Film & TV

Warnings from Blumhouse and Morrissey

Five Nights at Freddy’s (Universal Pictures/Trailer image via YouTube)
‘Living in hell’ describes political reality in horror film and song.

Blumhouse Production’s box-office blockbuster Five Nights at Freddy’s grossed $80 million when it opened, just days after the American broadcast debut of Morrissey’s legitimately terrifying new song “Sure Enough, the Telephone Rings.” Morrissey’s taunt, “You should tell little kids / They’re living in hell now” calls out the unserious Blumhouse agenda and our current political nightmare.

The relentless, video-game-style paranoia of Five Nights at Freddy’s updates teenage scary-lore: Mike Schmidt (Josh Hutcherson) can’t get over the memory of witnessing his baby brother’s abduction and, after his parents die, becomes the guardian of his autistic kid sister, Abby (Piper Rubio), Mike compulsively relives his trauma, believing in dream theory, according to which “he walks through memory as if experiencing it for the first time anew, no longer a passenger but an active participant.”

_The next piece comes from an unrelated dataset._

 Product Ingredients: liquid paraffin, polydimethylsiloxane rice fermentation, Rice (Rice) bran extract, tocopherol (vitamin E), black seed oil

That Nightmare on Elm Street steal exposes Blumhouse’s juvenile shtick, yet Mike’s recognizable fears — encompassing unemployment, sex trafficking, parental abandonment, institutional distrust — evoke something real. In his first five night-shift stints as watchman at a disused ’80s amusement park/arcade mall — Freddy Fazbear’s Pizza Place — Mike stares glaze-eyed at security monitors, then drifts into violent 3-D incidents, His circumstance incarnates the hell that Morrissey sings about.

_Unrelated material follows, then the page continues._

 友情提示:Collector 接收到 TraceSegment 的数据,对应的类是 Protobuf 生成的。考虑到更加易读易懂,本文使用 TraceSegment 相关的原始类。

But Morrissey zeroes in on present-tense shell shock. The song comes from his album Bonfire of Teenagers memorializing victims of the 2017 Islamic terrorist bombing of the Ariana Grande concert at Manchester Arena. Capitol Records still refuses to release the album. This censorship contrasts with Blumhouse exploitation movies (the Purge film series, Get Out, Us, M3GAN, Insidious), which contrive our acceptance of horror, keeping consumers in a state of anxiety — and without catharsis, same as the fake-news media do.

Morrissey performs during the International Song Festival in Vina del Mar, Chile, in, 2012. (Eliseo Fernandez/Reuters)

Morrissey’s puckish perspective always scares pop-music traditionalists by exploring previously unspoken depths. “Sure Enough, the Telephone Rings” raises fears afloat in the culture — whether unwanted telemarketers (“Who wants my money now?”) or the daily evidence of political evil and vengeance that cannot be hidden from children. His complaint chugs along, its bridge recalling The Smiths’ “You Just Haven’t Earned It Yet, Baby.” These social vexations work as cultural criticism, pinpointing Mike’s terror — the panic of exasperated people going through hell, not dream theory.

As a left-leaning, social-activist studio, Blumhouse manipulates political paranoia, selling it as inevitable. (Imagine Britain’s Hammer horror films but with less craft.) Only the most fanatical horror-movie devotees can ignore the shallow exploitation of Blumhouse products. So the coincidental release of Morrissey’s song acts as a counterweight to the half-baked ideas in Five Nights at Freddy’s. Otherwise, it’s another grab-bag of pop-paranoia clichés. Freddy’s place combines the arcade repository of National Treasure with the Safdie brothers’ Good Time. Mike protects Abby from the arcade’s oversized animatronic creatures — grisly embodiments of lost and dead children whose ghosts make the cartoon-figure robots move. Director Emma Tammi imitates how the Stranger Things kids similarly relive ’80s pop culture, with a little Saw-franchise torture-porn thrown in.

One unexpected pleasure is seeing Mike disable the mutant bots, as if exacting revenge on Pixar and woke Disney and woke Sesame Street. We need our fears expiated, yet Hutcherson’s boyish face, a distressed child actor’s face, makes Mike’s adventures unsatisfying; he slips into solipsism. And an unfinessed subplot about a female cop (Elizabeth Lail) retaliating against her abusive father never attains the genius sympathy of the parental martyr’s punishment in De Palma’s Carrie.

Consider the cultural concurrence of Blumhouse’s latest hit meeting Morrissey’s political humor and seriousness: one a threat, the other a warning. If we don’t tell children that lawfare is wrong, then you’re letting them think that political prisoners and irrational hatred and censorship are all excusable and good. We are living in hell now when our institutions, media, and politicians oppose our common interests. Morrissey’s counterpoint to Five Nights at Freddy’s tells us there are few childhood or adult amusements free from sexual grooming and political lies.